• MATERIAL PROVIDED:
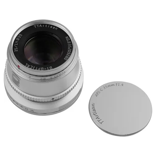 De TTartisan 35mm F/1.4 Silver Fujifilm X mount is een flexibele groothoeklens met een vast brandpuntafstand van 35 mm. Dankzij het grote maximale diafragma van F1.4 heb je veel controle over de scherptediepte, wat ideaal is voor creatieve foto’s. Ook bij weinig licht presteert deze lens uitstekend. Het handmatige scherpstellen maakt het mogelijk om tot slechts 2,3 inch dichtbij je onderwerp te komen.
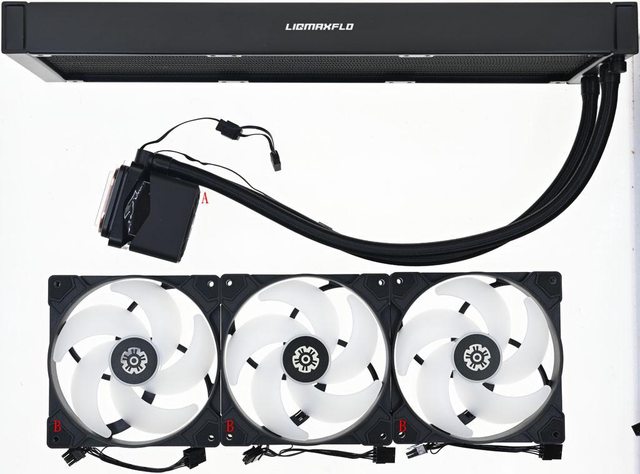 ▼包裝內容物有ENERMAX LIQMAXFLO 420一體式水冷散熱器(A)、3個UCSFARGB14P-LMF風扇
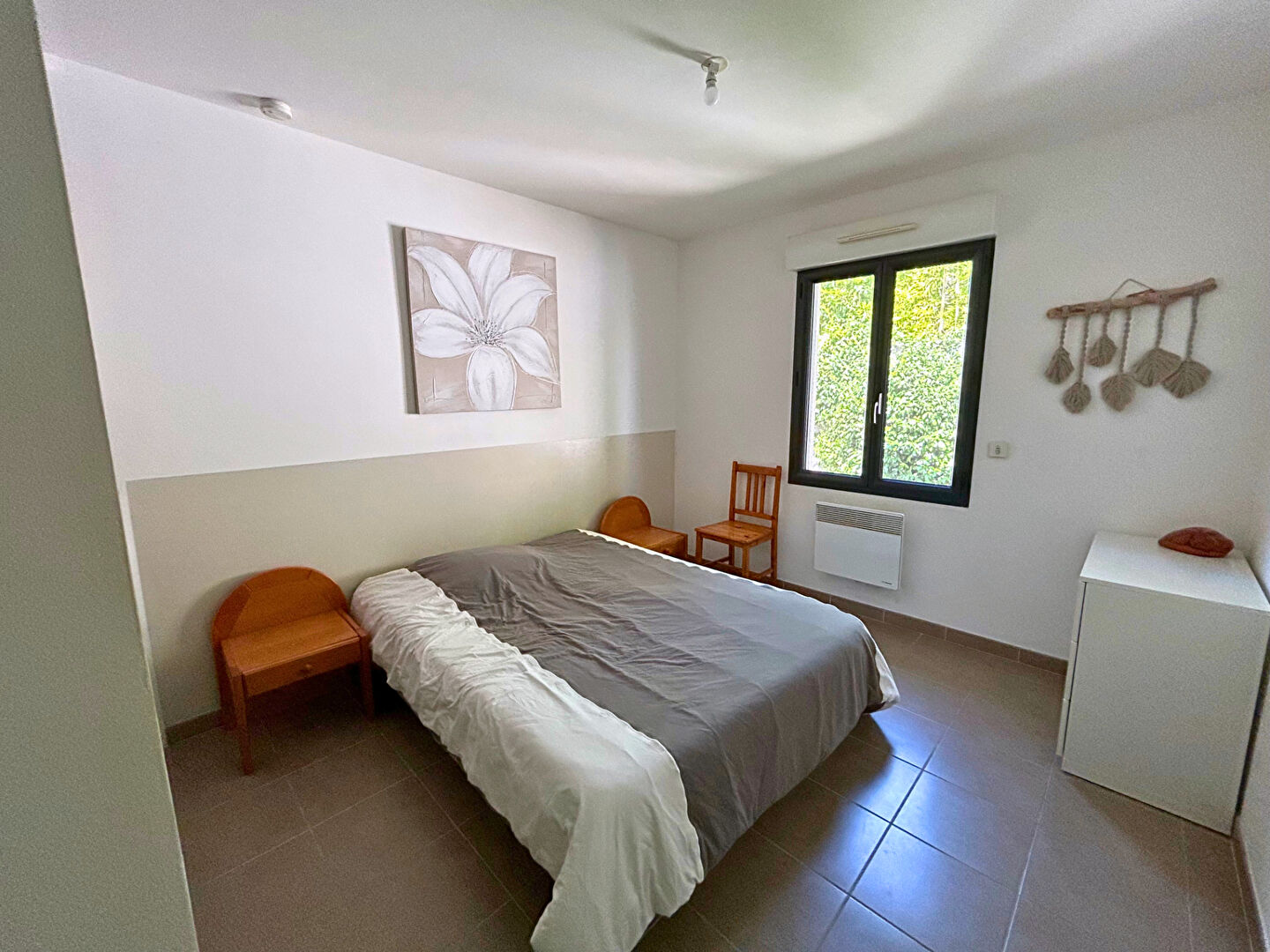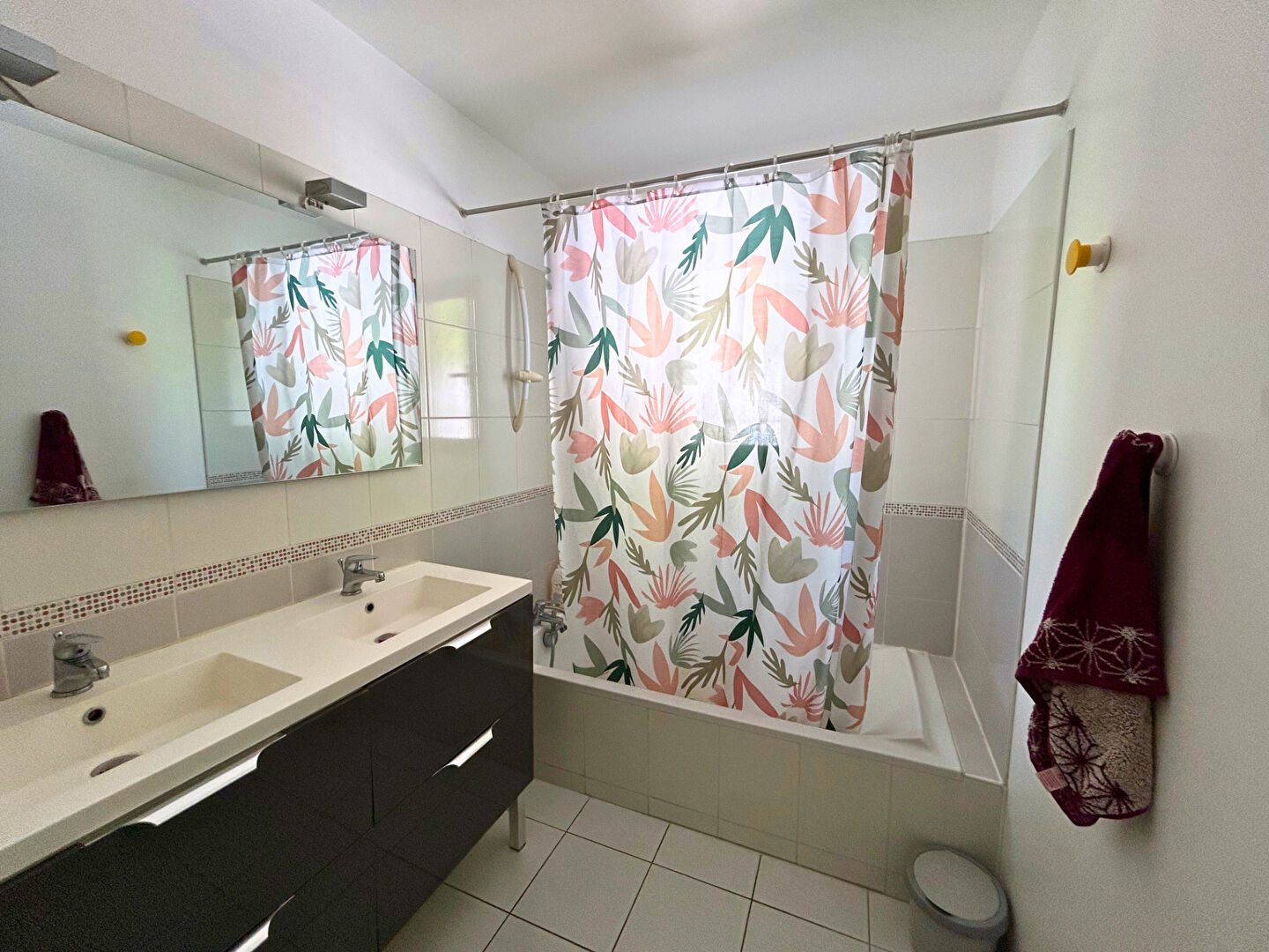 L'entrée s'ouvre sur un vaste séjour traversant, lumineux et climatisé, donnant accès à une première terrasse de 15 m² et un jardin intimiste. La cuisine américaine, entièrement meublée et équipée, s'intègre parfaitement à l'espace de vie.

• EXERCISE OBJECTIVE:
All of the data above needs to be given again exactly. Leave out each image.

• YOUR RESPONSE:
 De TTartisan 35mm F/1.4 Silver Fujifilm X mount is een flexibele groothoeklens met een vast brandpuntafstand van 35 mm. Dankzij het grote maximale diafragma van F1.4 heb je veel controle over de scherptediepte, wat ideaal is voor creatieve foto’s. Ook bij weinig licht presteert deze lens uitstekend. Het handmatige scherpstellen maakt het mogelijk om tot slechts 2,3 inch dichtbij je onderwerp te komen.
 ▼包裝內容物有ENERMAX LIQMAXFLO 420一體式水冷散熱器(A)、3個UCSFARGB14P-LMF風扇
 L'entrée s'ouvre sur un vaste séjour traversant, lumineux et climatisé, donnant accès à une première terrasse de 15 m² et un jardin intimiste. La cuisine américaine, entièrement meublée et équipée, s'intègre parfaitement à l'espace de vie.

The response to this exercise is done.